I love my car. I have a 1998 Ford Escort ZX2 that I call Bert. It’s bright blue and sporty and zips around town. It has 168,000 miles on it and it’s never had any major problems. I’ve only ever had it in the shop for minor issues and routine maintenance (knock on wood). I just put on my third set of tires about 3,000 miles ago.

My car isn’t worth anything to anyone except me. It has a ton of sentimental value to me and I dread the day that I have to get a new car. I acquired this car right after I graduated high school. My dad made me a deal when I was a kid that if I got enough scholarships to pay my own way through college he would use my college fund money to buy me a brand new car for graduation. Well I did it! I got enough scholarships to pay almost my entire way through my undergraduate degree and then took money out of my savings to pay for the rest. I have always felt so blessed to have my car.

Anyway despite loving my car, I know nothing about working on my car. I put gas in it and drive it and take it to the mechanic for anything else. But last weekend I decided to change Bert’s air filter. Bert has been getting not so great gas mileage lately and I thought the air filter might be the problem. I knew that air filters were relatively easy to change but I’ve never actually done it myself. I was going to write a very detailed post with pictures and everything about how to change the air filter, but then I realized that unless you drive the exact same car as I do then it wouldn’t help you much.

What I will do is provide some general tips that would apply to everyone. First you need to go buy an air filter. The easiest way to do this is to go to Autozone or Advanced Auto Parts or a similar place. All you do is go up to the counter and tell the clerk the year, make and model of your car and what part you need and they will pull up the exact item that fits your car and ring it up for you. Piece of cake! That way you don’t have to figure out which air filter you need on your own.

Next you need to open your hood. Pretty easy except it took me a few minutes to figure out where the latch was that unhooked the hood after I popped it open. Now if you are not familiar with your engine it can look pretty intimidating when you first open the hood. What you need is a guide. The Haynes Repair Manual is a good resource. They have books for all sorts of different cars. The first part of the book is on routine maintenance and in that section is a part on changing the air filter.

The book had a good explanation of how to change the filter. On my car I had to unsnap this band thing and unhook this one piece to reveal the filter (like my technical terms here?). Then all I had to do was take out the old filter, pop in the new filter and then do the reverse of what I had just done – hook the piece back up and snap the band thing back on.
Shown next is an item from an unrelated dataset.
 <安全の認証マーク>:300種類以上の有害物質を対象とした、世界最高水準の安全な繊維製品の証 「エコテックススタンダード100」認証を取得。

Depending on the size and shape of your air filter, I would recommend writing the mileage and the date on it so you know when you changed it last. My new air filter was black so I wrote on it with my silver Sharpie. Side note – a silver Sharpie is fantastic to have around the house to write on dark items. I also saw that the last time the air filter had been changed was almost 2 years ago and 30,000 miles. Eeeeep! It was way overdue according to my maintenance guide.
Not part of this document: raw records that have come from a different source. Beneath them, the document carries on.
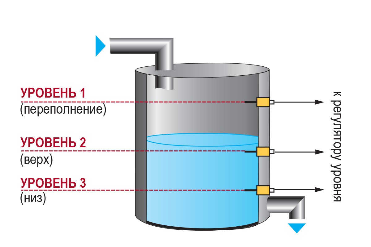 Принцип действия кондуктометрического датчика основан на разнице между электропроводностью воздуха и жидкости. Эта разница фиксируется двумя электродами: сигнальным, установленным на необходимом уровне, и общим. Когда поверхность жидкости соприкасается с сигнальным электродом, происходит замыкание между двумя электродами.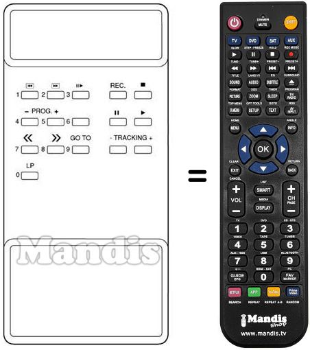Télécommande qui remplace celle d'origine car elle possède les mêmes fonctions.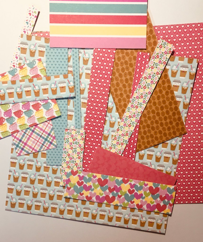 I thought the paper I pulled would last four weeks, but what you see in the photo above is what’s left. Two full 6×6 sheets and a lot of little scraps. I plan using the smallest pieces I can, but I’m not being too precious about throwing away tiny scraps. This has been a really successful endeavor and I think having a week or two off to reset and work on other things will be good. So there will be one more June Stash Bash post next week and then I’ll be done with this “mini kit”.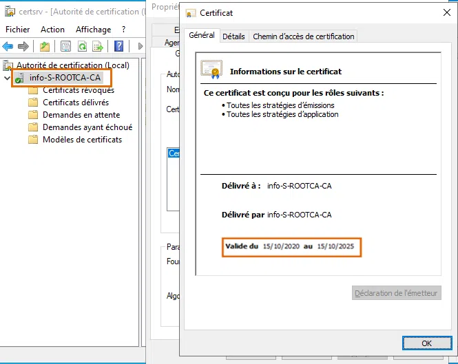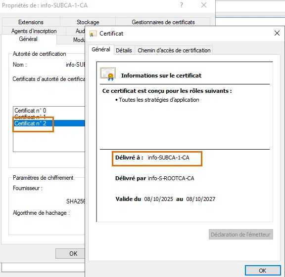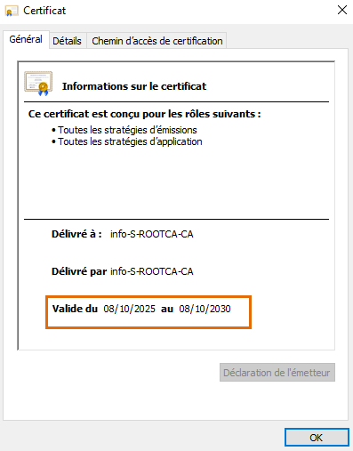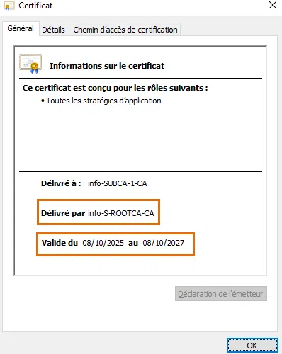 Vous pouvez constater que le nouveau certificat intermédiaire a bien été émis par l’autorité racine, sa durée de validité est généralement inférieure à celle du certificat racine, ce qui est normal dans une architecture hiérarchique.

So is it worth it? Yes! Changing the air filter was SO easy. It took me about 15 minutes and that including looking in my book about how to do it. And I know absolutely nothing about cars. The air filter cost me about $15.00 with tax. I know that places like Jiffy Lube have charged me at least $20-22 in the past. So by doing it myself I’ve saved $5-7. It’s not a lot but it’s a little something at least. That savings could be a lunch out with a friend.